Услышав вдали знакомый звук, он со скоростью скаковой лошади помчался в ту сторону. Это был свист Лизеты. В эту зиму Фома особенно привязался к ней.
Перепрыгнув через низенькую изгородь, он подбежал к дверям, откуда ему вынесли целое блюдо его любимых отбросов, почесали спину, после чего он поднял правую ногу, чтобы ее потерли, а если можно, и полакировали.
— Наш Фома скорее собака, чем свинья, — говорил обыкновенно фермер Пренти, наблюдая за тем, как вепрь ходил следом за Лизетой или резвился вокруг нее, как щенок. Однако этот «щенок» весил шестьдесят кило, несмотря на то, что достиг всего второй весны своей жизни. А между тем у Фомы пробуждался дух его предков, давно забытый под влиянием неволи.
Солнечным весенним утром, направляясь от Денривера к долине Мейо, бежала бодрой рысью молоденькая гладкошерстая веприца. Она только недавно достигла зрелости; ножки у нее были гибкие, как у лани, блестящая шерсть ее отливала на солнце сероватым цветом, хотя в данную минуту она была покрыта красноватой пылью старой Виргинской дороги.
Она останавливалась, поворачивала чуткий нос и настораживала уши всякий раз, когда до ее слуха доносился какой-нибудь звук, а затем снова неслась вперед, подобно быстроногой лисице. По временам она внезапно останавливалась и обнюхивала стволы деревьев, окаймлявших ее путь, или оставляла свои следы на сломанных ветвях.
Так шла она часа два все той же неутомимой рысью. Она поступала в данном случае подобно всем веприцам, которые отправляются на поиски своего счастья и останавливаются при всяком намеке на возможность найти вепря, чтобы завести семью.
Много миль пробежала она без остановки, пока не достигла наконец долины Мейо. Здесь она нашла наиболее удобный ствол, чтобы почесать себе бока. Это доставляло ей удовольствие, и она, начесавшись всласть, отправилась дальше.
Дойдя до перекрестка, веприца остановилась, стараясь чутьем уловить все, что приносил ей ветер, а затем продолжала итти дальше, пока вечер не застал ее у самого крайнего моста на Когерской реке.
Среди деревьев, росших на земле Пренти, находился засохший, шершавый кедр; он стоял на самом отдаленном конце пастбища, у окраин болота. Грубый, шероховатый ствол его был покрыт узлами и наростами.
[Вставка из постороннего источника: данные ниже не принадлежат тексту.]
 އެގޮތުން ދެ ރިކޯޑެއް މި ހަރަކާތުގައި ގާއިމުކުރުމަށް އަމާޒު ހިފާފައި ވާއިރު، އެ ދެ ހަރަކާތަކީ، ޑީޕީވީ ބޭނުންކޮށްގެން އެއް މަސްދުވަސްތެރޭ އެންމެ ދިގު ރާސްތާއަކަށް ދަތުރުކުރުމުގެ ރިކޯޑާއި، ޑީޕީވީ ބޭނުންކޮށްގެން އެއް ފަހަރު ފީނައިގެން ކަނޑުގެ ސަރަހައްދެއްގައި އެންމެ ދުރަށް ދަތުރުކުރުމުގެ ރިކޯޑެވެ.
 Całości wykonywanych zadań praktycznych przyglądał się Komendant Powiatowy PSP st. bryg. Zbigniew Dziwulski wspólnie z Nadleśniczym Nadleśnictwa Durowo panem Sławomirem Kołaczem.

Все они представляли собой подобие зубцов гребня, расположенных на самой подходящей высоте.
Каждая свинья на пастбище хорошо знала его ствол. Ни одна из них не проходила мимо него, не остановившись, чтобы почесаться.
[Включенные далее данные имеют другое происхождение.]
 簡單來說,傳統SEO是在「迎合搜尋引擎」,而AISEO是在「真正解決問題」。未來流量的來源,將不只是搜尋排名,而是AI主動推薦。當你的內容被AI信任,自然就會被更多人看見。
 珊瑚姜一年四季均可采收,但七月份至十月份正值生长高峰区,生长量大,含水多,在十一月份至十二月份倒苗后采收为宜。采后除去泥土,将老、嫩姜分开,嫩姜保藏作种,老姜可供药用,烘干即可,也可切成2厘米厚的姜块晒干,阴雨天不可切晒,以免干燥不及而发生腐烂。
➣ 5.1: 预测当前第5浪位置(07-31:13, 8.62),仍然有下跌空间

Одна из свиней Пренти, древняя старуха, бродившая поблизости от кедра, подошла к нему, чтобы почесать себе спину. Туда же направился и Фома. Когда он подходил к стволу, внезапно ствол громко заговорил, но на языке, которого мы с вами не поймем.
Зато Фома мигом понял. Не дожидаясь, пока старуха кончит почесываться, он с такой силою отшвырнул ее от ствола, что она кубарем скатилась вниз по откосу.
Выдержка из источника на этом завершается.